When planning a trip to Rochester, it is important to pack your sense of humour as well as your usual travel essentials. I guess this is probably true of any destination but, if the last few days have taught me anything, Rochester is one of those vampiric places that will try and suck the very spirit out of you.
Don't get me wrong; Rochester is very pretty. But flying into the airport on Thursday morning, I had a prime window seat from which I could view incredibly flat, green land. Being from the Midwest, I am no stranger to flat landscapes but heavens! Built on this verdant, fertile soil were...wait for it...farms!! No one told me that Rochester was in the middle of farm country!
Oh sure, Rochester also has a Downtown area, and my hotel (and the nearby Hyatt) are proof of that. But look over the back fence, five minutes down the road, and you see nature. I have had it confirmed that Rochester plays host to squirrels (eek), foxes, coyotes, BEARS, and any number of other creepy-crawly critters. I'm talking honest-to-goodness, no-holds-barred, christ-almighty nature!
I arrived at the Hotel at lunch time, and was looking forward to checking into the Hotel and watching an in-house movie before Kate arrived. But the Hotel had different ideas. Because Kate's office didn't tell the hotel that I was coming, they wouldn't let me check in. And they wouldn't let me leave my luggage with them so I could explore the town. And given that there was not any decent coffee shop or pub within reasonable walking distance (and I was later to learn that this applied to ANYTHING one might want to experience), all I could do was wait for Kate in the lobby of the Hotel. For five hours.
I hated the hotel and all of its staff by the end of that afternoon. No one even told me where I might get decent coffee (which was, as it turned out, in the lobby cafe, partially concealed by the Business Center in which I now find myself). No, telling me that would have been too helpful. So instead, I sat in the lobby, read my book, and tried to stay awake as everyone paraded past me and stared as if I had been stood up or abandoned or something.
Fast forward to Kate arriving and she sweet-talked the concierge, a beautiful man by this stage, not the cranky wench that greeted me earlier in the day. So I soon had in my possession some breakfast buffet vouchers that we didn't have to pay for. Bless Kate. A delicious dinner later that night with a contact of Kate's, and we had an early night.
Up early the next morning, we were taken out on a driving sight-see tour of Rochester and the surrounding area. The City itself is quite ugly, with no decent architecture or sites to recommend it. But once you get out of the City into the dreaded rural countryside, it really is very pretty. Even more so, I'd imagine, in autumn, when the leaves are apparently such an array of colours you can barely handle it. I viewed all of this from the relative safety of the back seat of a Mercedes M-Class and so let's just say that I was dealing with things well.

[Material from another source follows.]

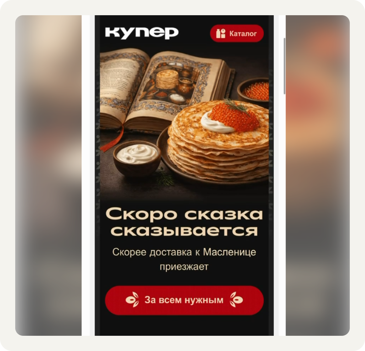 Первый путь — идти от логики соответствия. Когда продукт действительно органично вписывается в выбранную концепцию. Масленица, блины, домашние посиделки — доставка продуктов идеально ложится в эту историю. В таком случае стилизация усиливает естественную связь между поводом и оффером.

We had dinner at the Hyatt at 8pm that night - the only place open to us within walking distance from our own hotel. But the Hyatt staff didn't quite know how to deal with two girls who wanted cocktails AND wine with dinner. Kate relented and had the Mary Kay cocktail (created in recognition of the cosmetics conference being hosted there) and let's just say it was pink and sweet - just like the makeup really I guess. But just when we thought it couldn't get any worse, the Hyatt ran out of coffee. I know, can you believe it?! I texted my friend from Chicago who works at the Park Hyatt to tell him, and he could only muster an incredulous "WHAT?!". Yep, no kidding.
Saturday was the first official day of Kate's wine competition so I was on my own. I went down to the concierge desk, and asked for directions to the shops so I could buy some clothes. The woman printed me some exhaustive driving directions. When I suggested that she had misunderstood me that, in fact, I was on foot, she laughed at me. "Really?" she enquired, "you really don't have a car?". And that set the tone for the rest of my day.
The vehicles in Rochester really need licence plates that read "Rochester: Where Anything Worth Seeing Is 25 Minutes Drive Away" because that's basically what I got every time I asked to see something of interest. Cinemas? 25 minutes drive. Museums? 25 minutes drive. What crap. But it was not a complete loss, because after walking around the City limits across bridges and along the river and such, I sat in the Hotel room with any icy diet coke, room service, and "Casino Royale" on the TV. Anything bad I ever said about Daniel Craig should be stricken from the record. He really was delicious.
And so here I am on Sunday morning, in the Business Center of the Hotel, waiting for Kate to call me to spend Lunch with her. One of her fellow judges is a friend of hers from Bordeaux and I saw him at breakfast this morning and promised him I'd join them for lunch. But between now and then, I think I can fit in another Diet Coke and in-house movie, before it's time to fly to sweet home Chicago.
Because in Chicago, everything of interest is right there in front of you and anything resembling farms and nature is a comfortable 25 minutes drive away - which is just how I like it.
1 comment:
But Gab compare the air of Rochester to that of Chicago - I don't think you could have smelt cleaner, crisper air if you visited Victor Harbour on a cold morning in Winter.
I'd take nature (with a flushing toilet and hot shower) any day.